> [Dataset excerpt]:
========

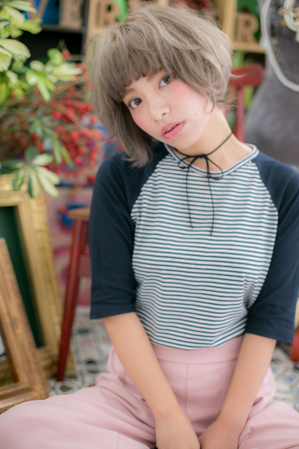 個性の映える攻めカラーがポイントのオシャレボブ。眉がチラ見えするショートバングと柔らかウェーブのかかったガーリーなボブスタイルに、思いっきり明るいアッシュカラーをオン。クールなショートスタイルにヘアチェンジ☆
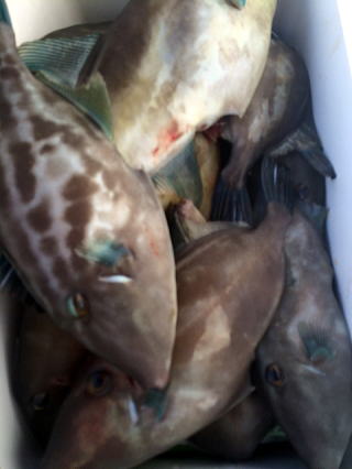 ハゲでお土産作り、何とかハマチの顔見れました。
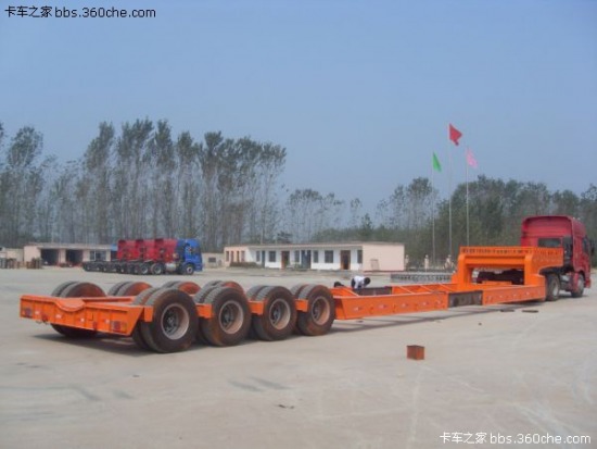 載貨部位的底板為平板結構且無欄板的半掛車,后三橋的凹梁結構也叫高低高,據(jù)說下圖中的這臺車重14噸,保拉100噸集中載荷,梁山某大廠出的。

========

> [Exercise]: The full data, repeated exactly and stripped of its pictures, is the expected answer.

> [Result for this task]:
 個性の映える攻めカラーがポイントのオシャレボブ。眉がチラ見えするショートバングと柔らかウェーブのかかったガーリーなボブスタイルに、思いっきり明るいアッシュカラーをオン。クールなショートスタイルにヘアチェンジ☆
 ハゲでお土産作り、何とかハマチの顔見れました。
 載貨部位的底板為平板結構且無欄板的半掛車,后三橋的凹梁結構也叫高低高,據(jù)說下圖中的這臺車重14噸,保拉100噸集中載荷,梁山某大廠出的。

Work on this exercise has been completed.